The problem:
All lines from the one bearing "Absolwent studiów podyplomowych" through the end of the data below must be printed exactly as they stand, with pictures removed.

━━━━━━━━━━

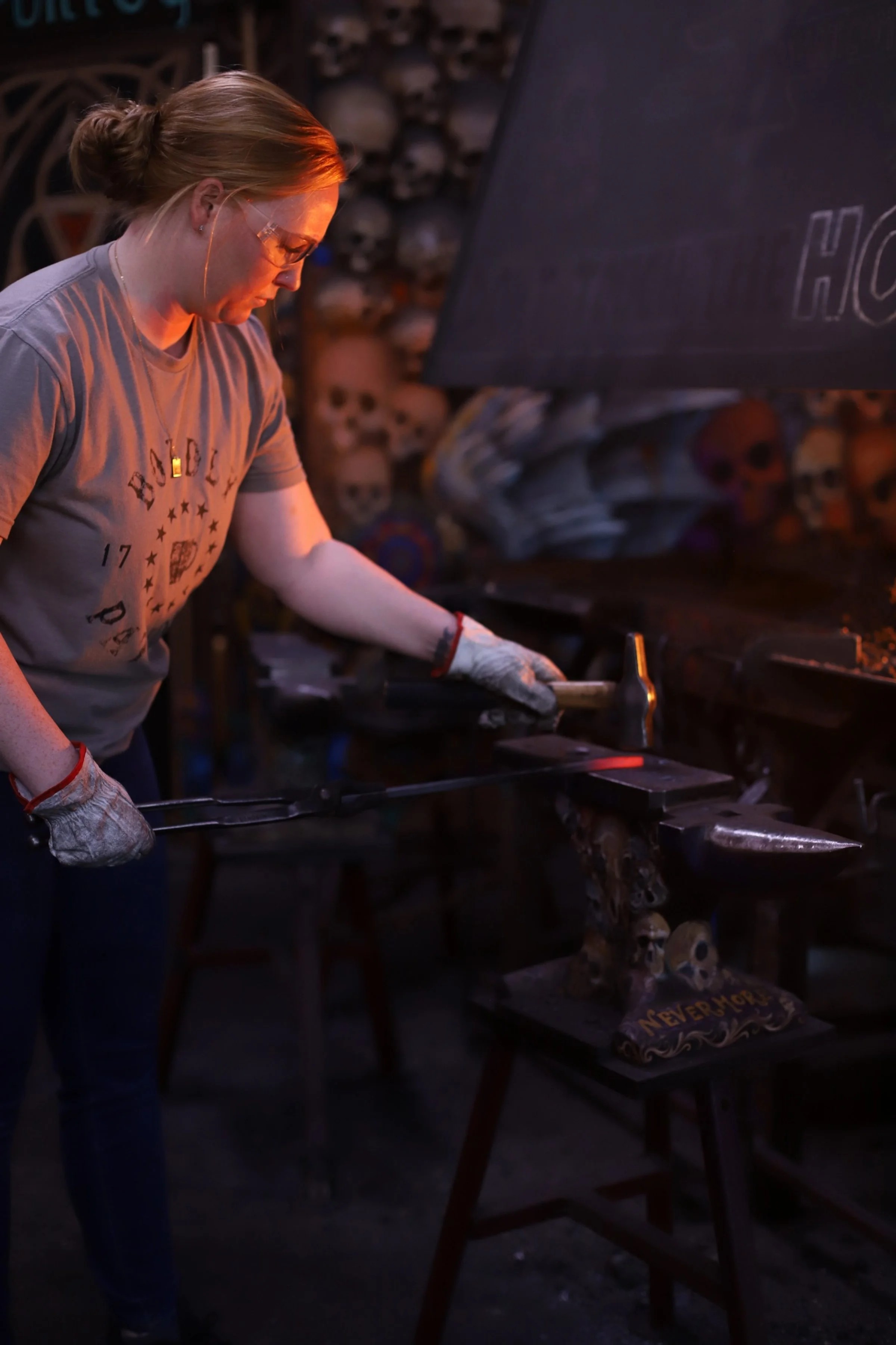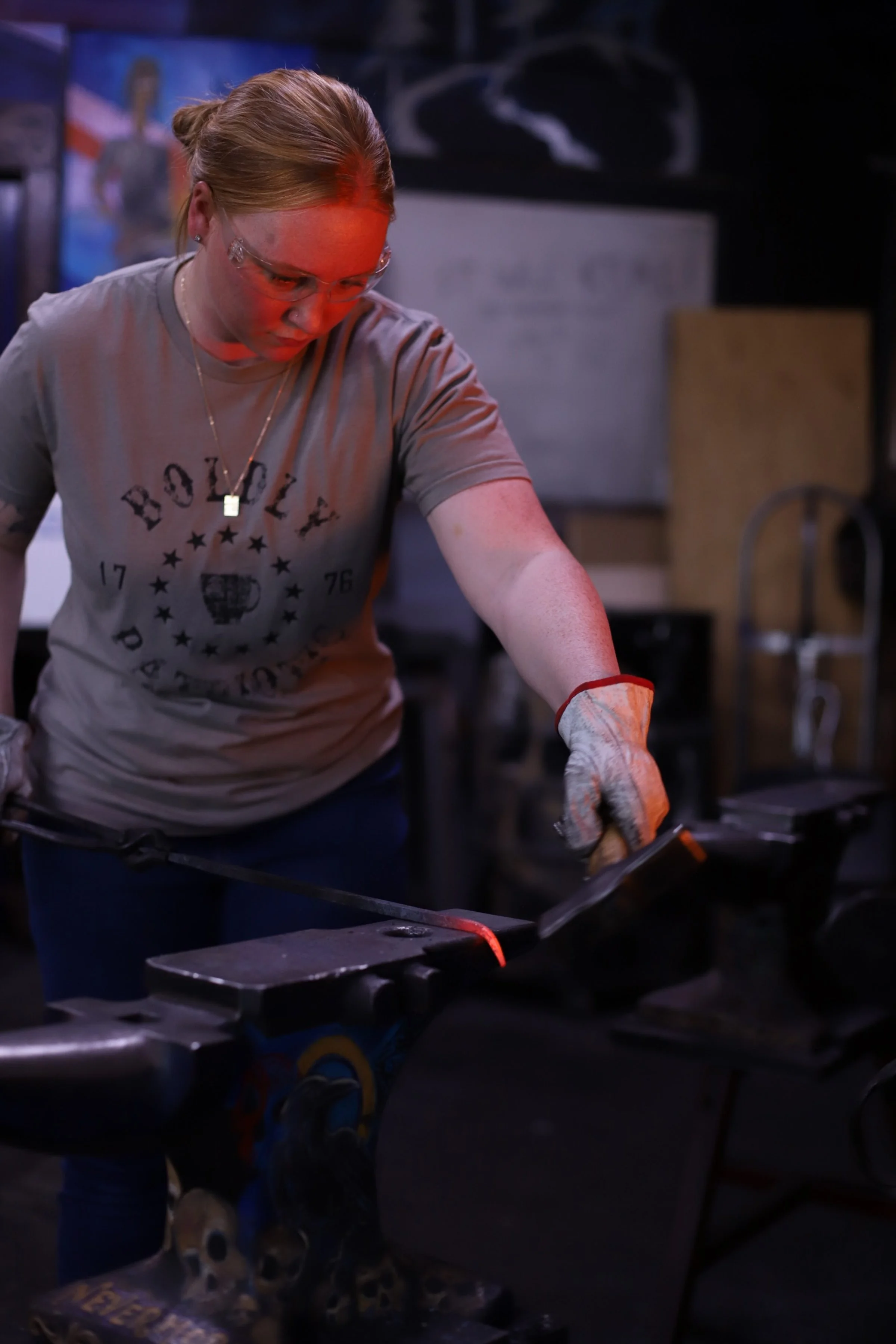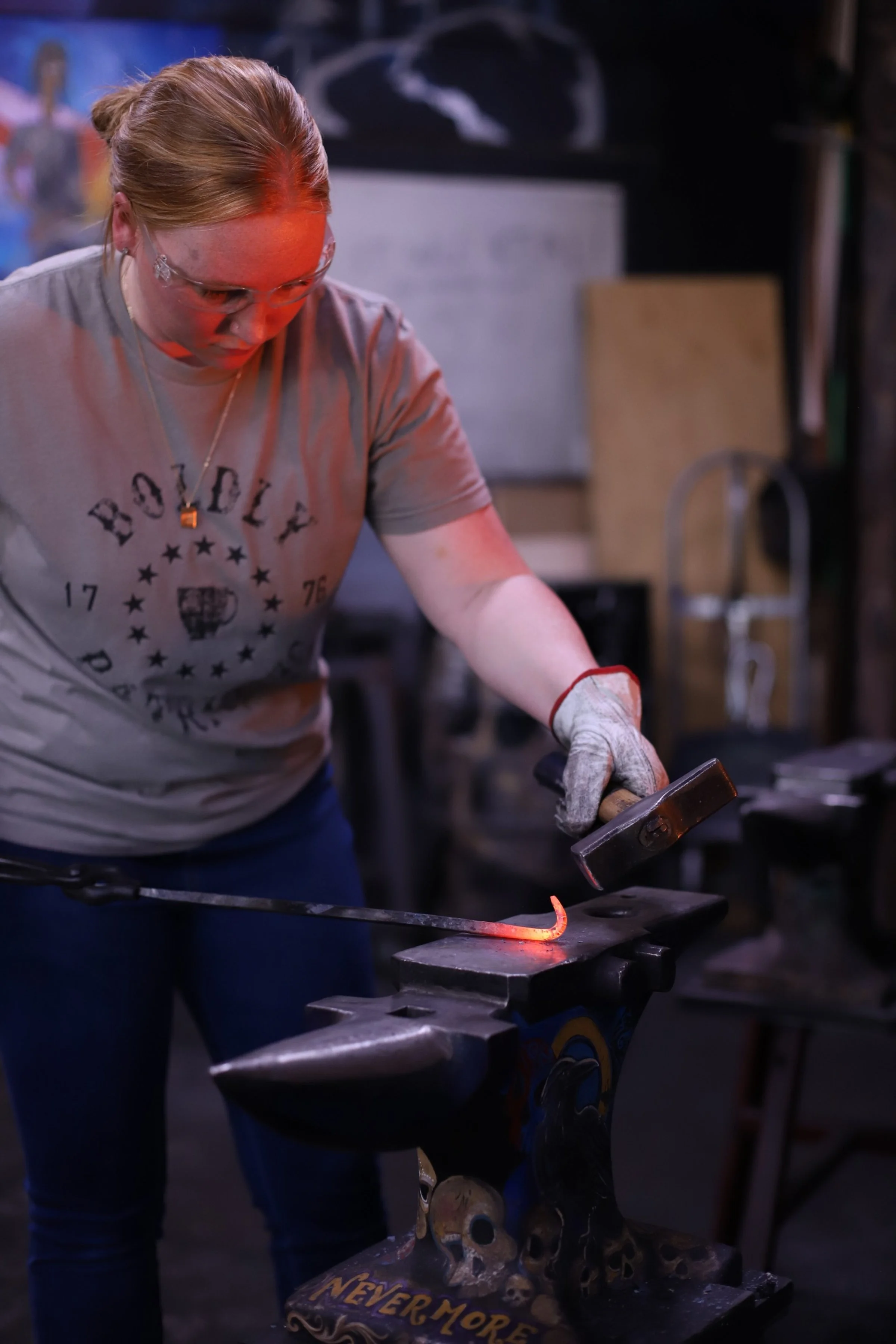 Yay! The whole family has now been in the forge! Scott and Harlie were back to work on their knives. And now the last member of the family finally came. Sam did a great job learning the basics by making an "S" hook. Then she made 2 Candy Canes!
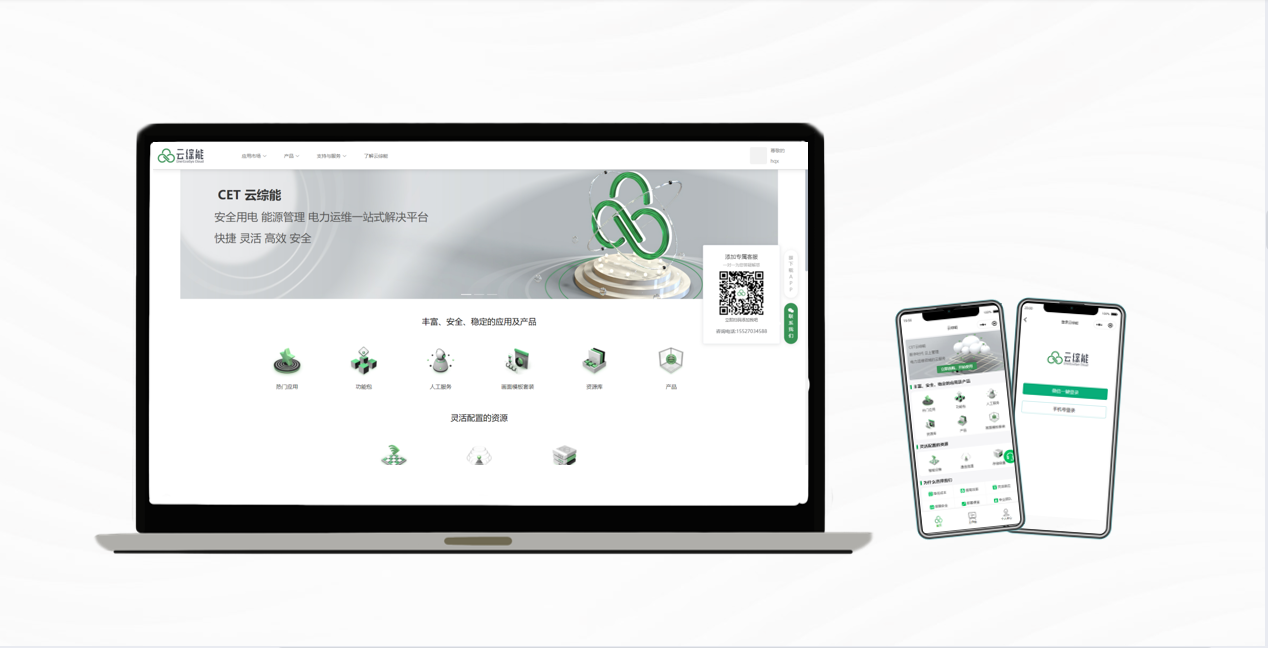 CET能源电力综合服务云平台,(简称“云综能”),提供基于物联网、云计算、大数据及移动互联网技术的 SaaS 公有云服务,并支持私有化部署,构建双碳目标和能耗双控政策下服务于用户侧智能用电、智慧用能、绿色低碳应用实践的开放型 综合服务生态平台。
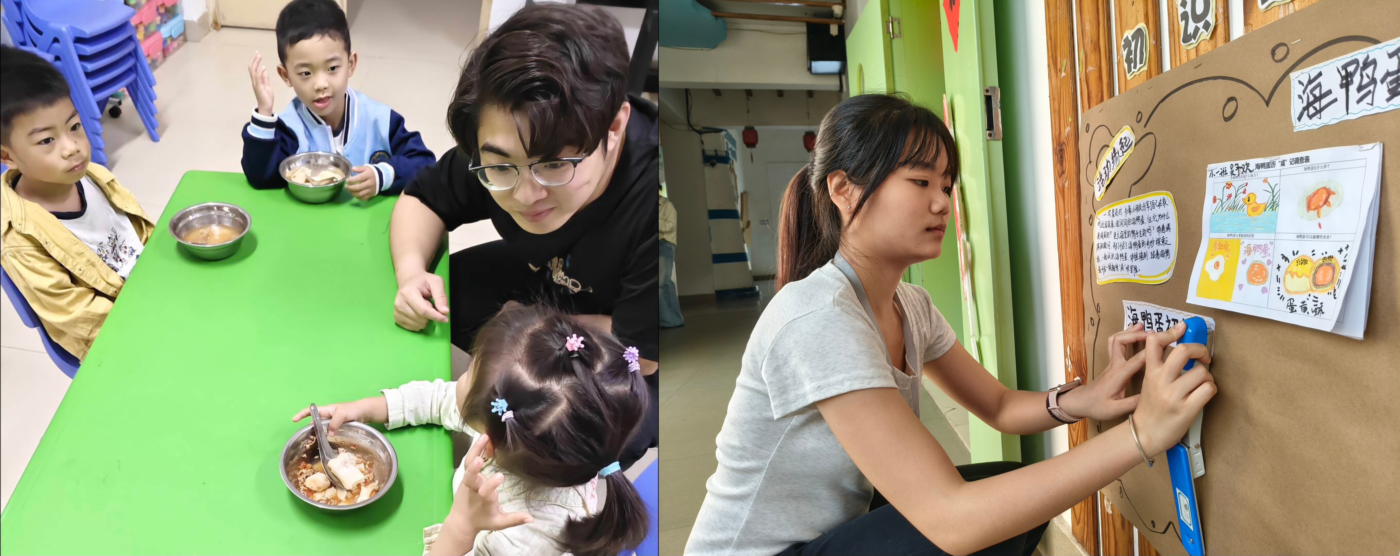 学前2401班丁朝旭同学与幼儿进餐互动     学前2401班覃贞灿同学进行环创
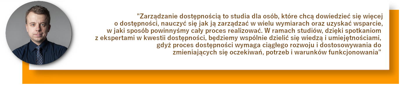 Absolwent studiów podyplomowych na kierunku Zarządzanie dostępnością – koordynator ds. dostępności posiada szeroką wiedzę teoretyczną i praktyczną z zakresu zarządzania dostępnością.
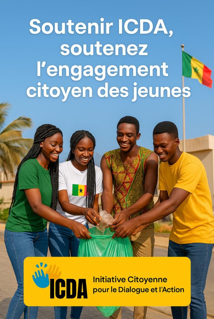 Fundraising Soutenir ICDA Soutenez l'engagement citoyen des jeunes Ensemble, faisons de la jeunesse le moteur du Sénégal de demain. Soutenir ICDA, c’est : Favoriser la cohésion sociale Lutter contre le désengagement civique Créer un espace de confiance entre jeunes et institutions Former des citoyens actifs, informés et engagés Play Ce que nous vous offrons en retour Visibilité sur nos supports (TV, presse, réseaux sociaux, site web) Logos sur les T-shirts, roll-ups, vidéos et documents officiels Droits d’intervention lors de la finale nationale ou du congrès Mention dans les communiqués de presse et interviews

━━━━━━━━━━

Answer to this problem:
 Absolwent studiów podyplomowych na kierunku Zarządzanie dostępnością – koordynator ds. dostępności posiada szeroką wiedzę teoretyczną i praktyczną z zakresu zarządzania dostępnością.
 Fundraising Soutenir ICDA Soutenez l'engagement citoyen des jeunes Ensemble, faisons de la jeunesse le moteur du Sénégal de demain. Soutenir ICDA, c’est : Favoriser la cohésion sociale Lutter contre le désengagement civique Créer un espace de confiance entre jeunes et institutions Former des citoyens actifs, informés et engagés Play Ce que nous vous offrons en retour Visibilité sur nos supports (TV, presse, réseaux sociaux, site web) Logos sur les T-shirts, roll-ups, vidéos et documents officiels Droits d’intervention lors de la finale nationale ou du congrès Mention dans les communiqués de presse et interviews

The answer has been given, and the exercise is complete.